The Nigerian is the person who welcomes you wearing a ‘come-to-our-crusade’ badge at the seaport services sector wearing any kind of religious garb and lets you know point blank that you cannot clear your goods until you pay a certain sum outside official charges. The Nigerian is the one who has learnt to deviously twist the morals of his or her position to weasel out extrajudicial advantages and/or payments from the people in very unkind acts that cut deep. Yep, the corrupt Nigerian is the one feeding on the person next to him or her. Unfortunately, he/she lives in you and I and everyone else.

My theory on corruption is this. Whether we agree or not, it started in Nigeria from the leadership which sat atop the social pyramid from the beginning. It took a while for the people to learn the tricks of it. That was why the 1960/70s were calm. However, it percolated slowly, gradually and gently down this pyramid until it reached the bottom rung, infecting everyone, scattering our public morality and taking off in the 1980s. Now, we notice that everyone is imbibing it, even the babe-in-arms (you try and give a new-born money!). Today, very few salespersons know the meaning of honesty. Yep, the theory of gravity still rules, ok!
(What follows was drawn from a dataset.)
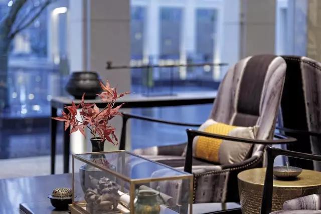 玻璃窗外,暮色朦朧氤氳中,充盈著自然的綠意,一處盆景,暖樹染綠,更添別樣情致。深色的金屬和皮革的質(zhì)感,簡化形態(tài)的中式家具,香爐書卷,幾處綴花,穿越時(shí)空,對(duì)話古今。“到處皆詩境,隨時(shí)有物華”大抵如此。

I believe our leaders did not know what they were starting when they embarked on planting the tree of corruption. They had this… this… inability to respect the people, which in turn, engendered the various acts of unkindness we got from them. Hence, they ruled with deception, used the people for ritual sacrifices, set the dogs of war on the people, and deprived them of their very lives and livelihood. When the results are now coming in the form of boko haram, Niger Delta militancy, herdsmen killers, funds mismanagement, social disconnect, lawlessness and disorder, chaos and confusion, an individual thinking the state belongs to him and his family, etc., we are all looking stupid.

Kindness is borne on the wings of respect which again must percolate from the top to the bottom in this social pyramidal structure, what with gravity and all. Things will change when the leaders learn to respect the people and GIVE THEM good roads to drive on, electricity to do business with, factories to work in, good health systems, good social contract, accountability, probity, responsive and open governance, etc. Then, the people will learn to respect themselves and each other, and begin to show each other this little thing called kindness. Lack of kindness is at the heart of corruption; it stands to reason then that kindness to others is the fuel for the anti-corruption drive.